===== Extracted records

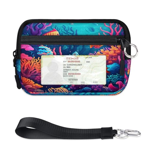 Tropical Oceans Submarine World Mini étui à cartes zippé pour homme et femme avec fenêtre pour carte d'identité, portefeuille portable et léger à fermeture éclair
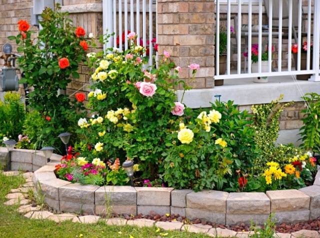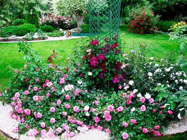 The middle tier is given to daffodils, tulips, gladioli. Clematis, primroses, herbal carnations will look good next to rose bushes. Look carefully, perhaps some photos will give an impetus to your imagination, and you will create a unique version of landscape design.
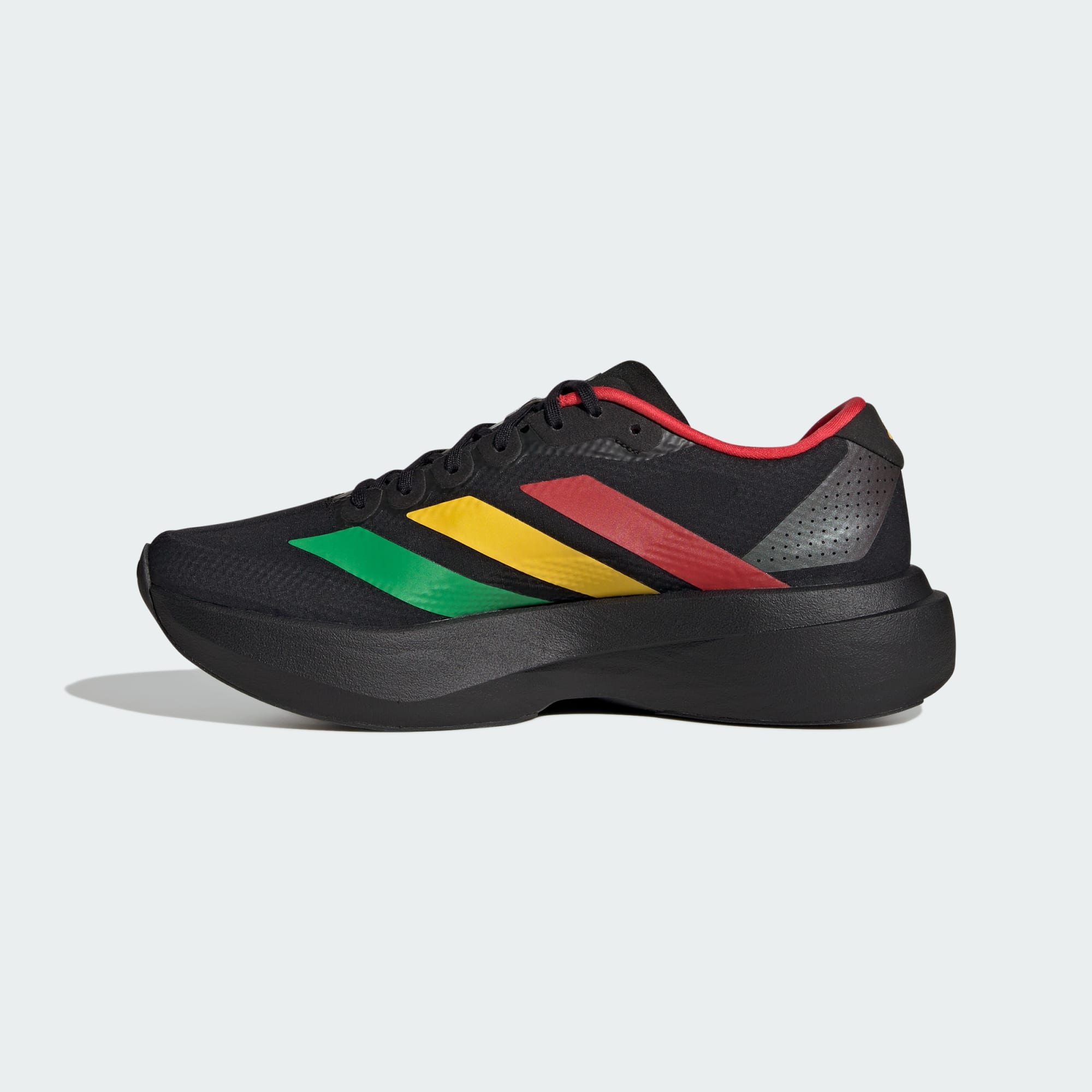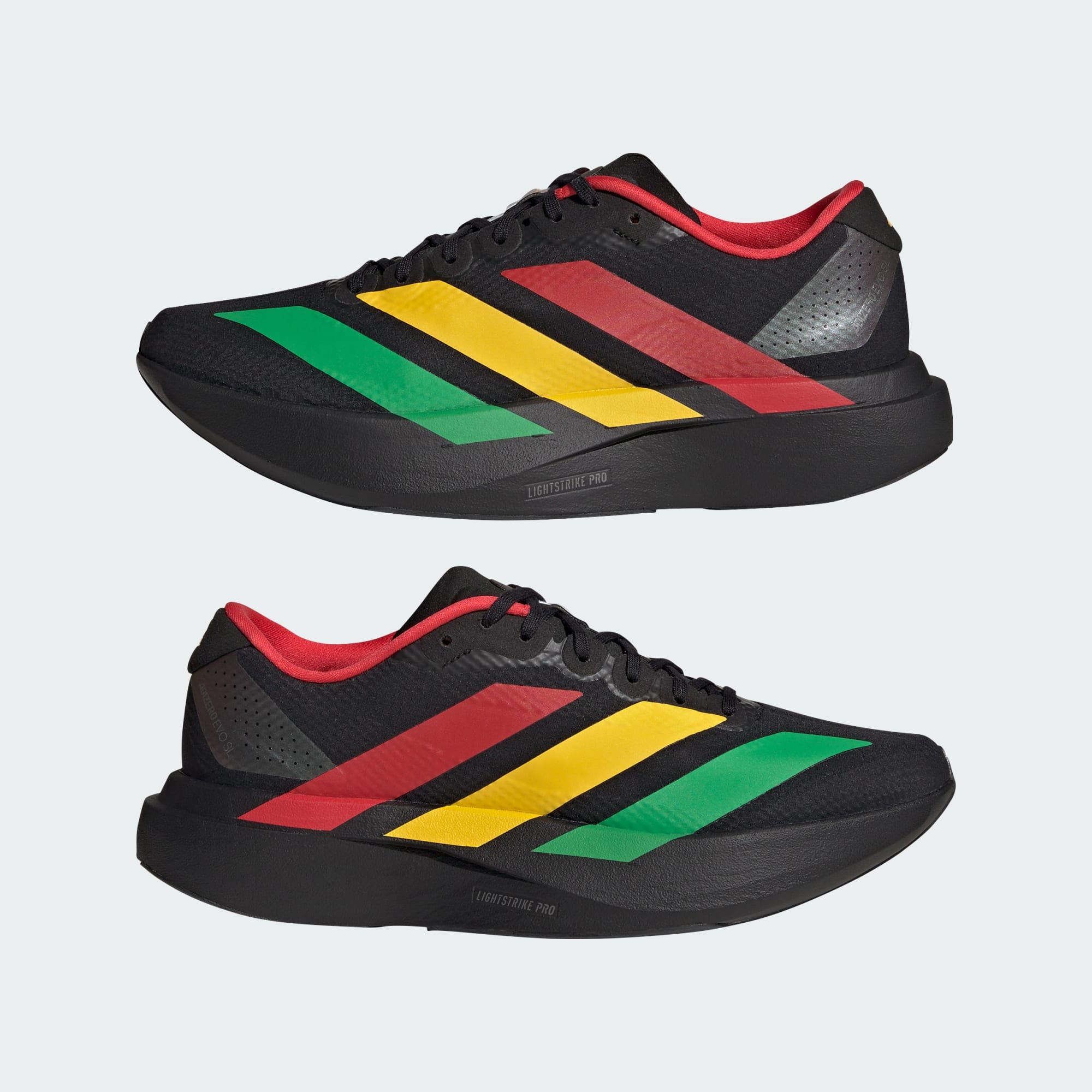 Inspirados en los EVO 1 que batieron todos los récords, los tenis Adizero EVO SL de Jamaica 26 x Bob Marley están diseñados para quienes desean superar sus marcas personales. Estos tenis, que combinan a la perfección la herencia de adidas con la tecnología más avanzada, están diseñados para potenciar cada zancada de los corredores. La ligereza es velocidad. adidas LightstrikePro redefine la próxima generación de velocidad con una mediasuela superligera diseñada para un movimiento dinámico y ligero. La parte exterior textil proporciona transpirabilidad, lo que te ayuda a mantener los pies secos durante las carreras intensas, mientras que la suela de caucho ofrece una tracción fiable en diferentes superficies, proporcionando estabilidad y agarre durante todo el recorrido. Tanto si compites contra el reloj como si disfrutas de una carrera tranquila, estos tenis adidas se adaptan a tu ritmo, con un ajuste clásico y sistema de amarre de agujetas para una experiencia segura y personalizada. Siente la fusión de la innovación y la tradición, que te impulsan hacia adelante con confianza y estilo.
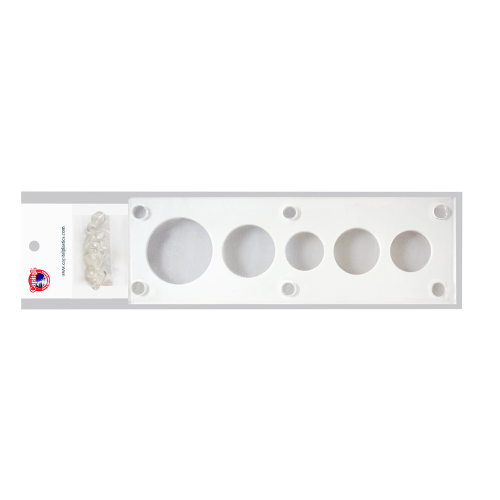 This 2x6in Capital Plastic Holder is for a 5 Coin US Proof set which has a place for the Half, Quarter, Dime, Nickel and Cent (from left to right). There is no text anywhere on this white holder.
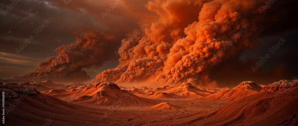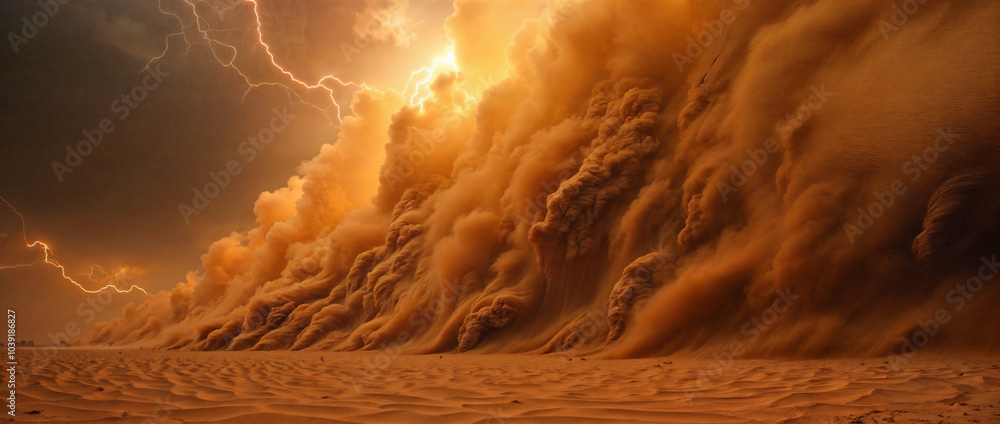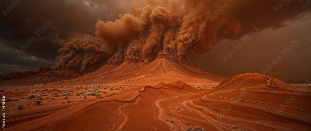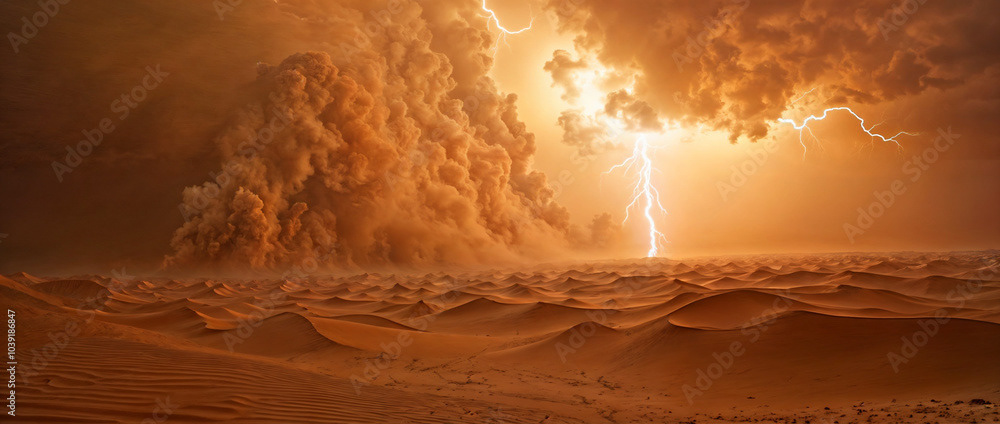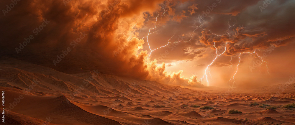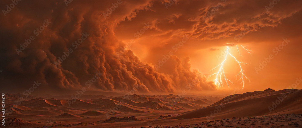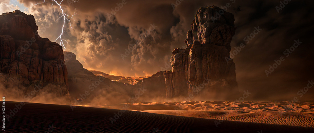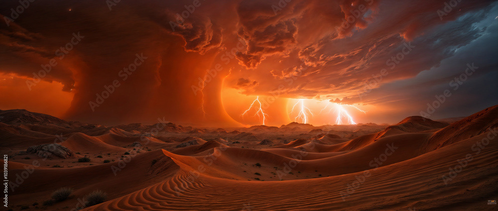 Epic Desert Thunderstorm Illuminating Monumental Sandstone Buttes. A dramatic scene unfolds in a vast desert landscape as lightning illuminates towering sandstone buttes under dark, stormy skies. The red dunes and rock formations are bathed in the eerie glow of a desert storm at dusk, with thick clouds rolling in.

==========

* [What needs to be done] Retype only the lines that run from the first line of the entries above to the line containing "The middle tier", both included. Do not carry over any pictures.

* [Solved problem]
 Tropical Oceans Submarine World Mini étui à cartes zippé pour homme et femme avec fenêtre pour carte d'identité, portefeuille portable et léger à fermeture éclair
 The middle tier is given to daffodils, tulips, gladioli. Clematis, primroses, herbal carnations will look good next to rose bushes. Look carefully, perhaps some photos will give an impetus to your imagination, and you will create a unique version of landscape design.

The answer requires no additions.